Base URL: default local API URL is http://localhost:3000/.

Using the API — retrieve

The /retrieve endpoint performs the Retrieve step of the CBR cycle. It takes a query case as a list of query features, matches it against the selected project casebase using the configured similarity measures, and returns the top matching cases.

Request body:

data: The query case used for retrieval. This is a list of query feature objects. In each feature object:
- name is the attribute name
- value is the value for that attribute
projectId: Project ID to retrieve against
project: Optional full project object. If supplied, it is used instead of projectId
topk: Optional number of cases to retrieve. Default: 5
explanation: Optional boolean. If true, includes retrieval explanation details for each case in bestK
feedback: Optional boolean. If true, includes feedback details for each case in bestK
globalSim: Optional global similarity setting. Default: Weighted Sum. The current implementation uses Weighted Sum to aggregate local similarities by default, and other global similarity options are not yet included. This field is retained for future support of additional aggregation strategies.

Query feature fields:

name: Attribute name to query on
value: Query value for that attribute
similarity: Optional similarity metric to use for that attribute
type: Optional attribute type
weight: Optional attribute weight
strategy: Optional reuse strategy for query features marked as unknown. Supported values include NN value, Maximum, Minimum, Mean, Median, Mode, Majority, and Minority.
filterTerm: Optional filter operator if the field is to be treated as a filter (instead of using similarity measure)
filterValue: Optional filter comparison value

Notes:

If project is not supplied, projectId is used to load the project
If a query feature does not specify similarity, type, or weight, the endpoint uses the values defined in the project attributes
If no valid query features are provided, the endpoint falls back to returning cases using a match-all query
Retrieved cases are returned as normal case objects, with score__ added to each result
If explanation is enabled, each retrieved case includes match_explanation
If feedback is enabled, each retrieved case includes feedback

Below is a minimal example showing how to call the /retrieve endpoint to perform a case retrieval. Replace http://localhost:3000 with your API base URL and provide a valid JWT in the Authorization header if your deployment requires it.

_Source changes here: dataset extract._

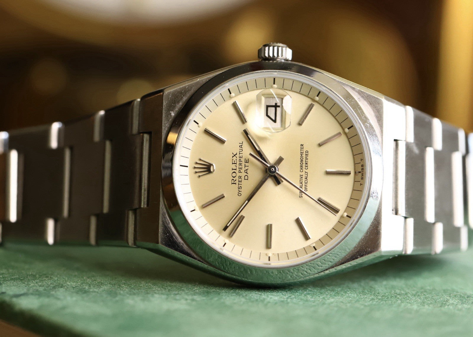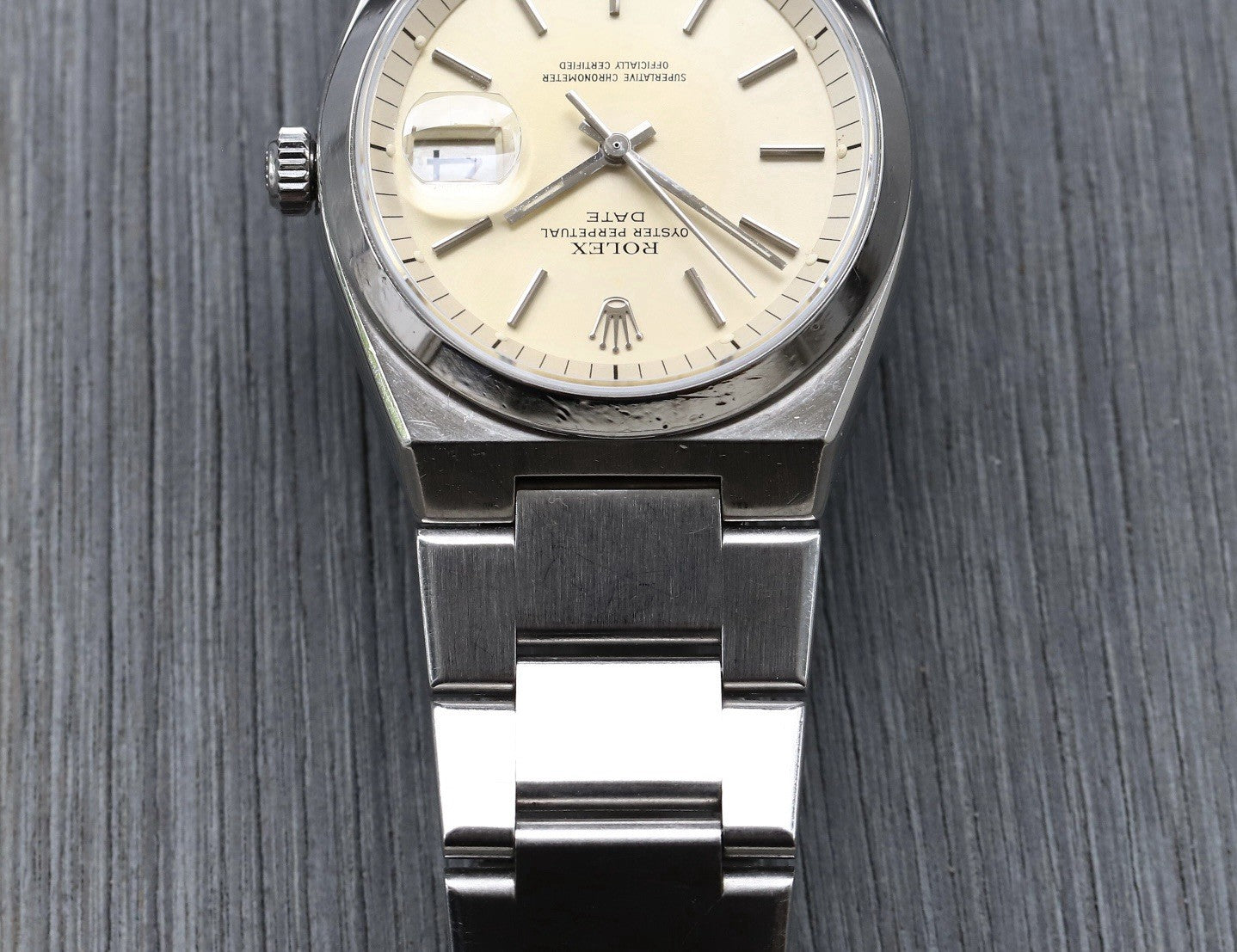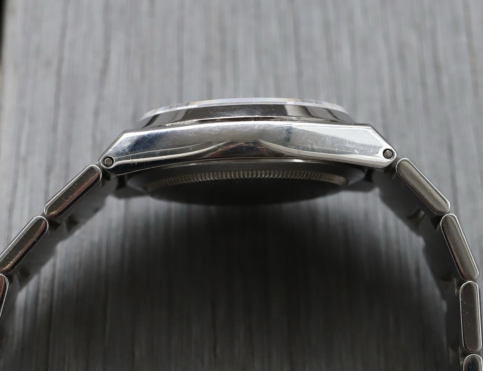 At first glance most people think it's an Oysterquartz, but look a little closer and you'll see this is the model that pre-dates the Oysterquartz and was clearly the inspiration behind the new Land-Dweller. The story goes that Rolex was still developing their in-house quartz movement after pivoting away from the Beta 21 movement, and the case and bracelet were ready before the movements were. So Rolex cased up the venerable 1570 automatic movement and put it into the new Oysterquartz case and voila, the 1530 was born. Produced only for a very short 3 year run, there is rumoured to have been only about 1500 units produced, making them one of the rarest references, and one of the most desirable in our opinion.

curl -X POST "http://localhost:3000/dev/retrieve" \
  -H "Content-Type: application/json" \
  -H "Authorization: Bearer <jwt_token>" \
  -d '{
    "data": [
      {
        "name": "symptom",
        "value": "fever"
      },
      {
        "name": "age",
        "value": 35
      }
    ],
    "projectId": "<project_id>"
  }'

Example (simplified) response:

{
    "recommended": {
        "symptom": "fever",
        "age": 35,
        "...": "...",
        "condition": "Common cold"
    },
    "bestK": [
        {
            "symptom": "fever",
            "age": 33,
            "...": "...",
            "condition": "Flu",
            "score__": 0.852363
        },
        {
            "symptom": "headache",
            "age": 35,
            "...": "...",
            "condition": "Migraine",
            "score__": 0.5228514
        }
    ]
}

Auth: include Authorization: Bearer <JWT_TOKEN> when JWT authentication is enabled (enabled by default).

Response fields:

recommended: The recommended case produced from the retrieved results. It is based on the top-ranked retrieved case, then updated using known query values and any reuse strategy specified for unknown values.
bestK: The top matching retrieved cases
retrieveTime: Total end-to-end time for the retrieve step
esTime: Elasticsearch/OpenSearch query time in milliseconds

Using the API — reuse

The /reuse endpoint completes the Reuse step of the CBR cycle. It supports custom reuse logic.

How it works:

A user can provide a custom reuse script in api/cbrcycle/custom_reuse_scripts
The script file name must begin with _, for example _my_reuse.py
The request body should include reuse_type with the script name, for example "_my_reuse"
Clood loads that script and executes its reuse(...) function
The endpoint returns whatever result the custom reuse script produces

This allows users to define any reuse or adaptation logic they need for their domain, while keeping the /reuse endpoint unchanged.

Example request:

curl -X POST "http://localhost:3000/dev/reuse" \
  -H "Content-Type: application/json" \
  -H "Authorization: Bearer <jwt_token>" \
  -d '{
    "reuse_type": "_my_reuse",
    "query_case": {},
    "neighbours": []
  }'

🚧 We are currently improving this section

CBR-RAG

Clood also supports CBR-RAG through the /rag endpoint. This combines case retrieval with LLM-based generation by using the retrieved cases and project attribute specification to complete a query case.

Using the API — rag

The /rag endpoint performs retrieval plus generation. It retrieves the top matching cases for a query case, builds a prompt from the query features, retrieved cases, and project's attribute specification, then calls the configured LLM to generate a new case.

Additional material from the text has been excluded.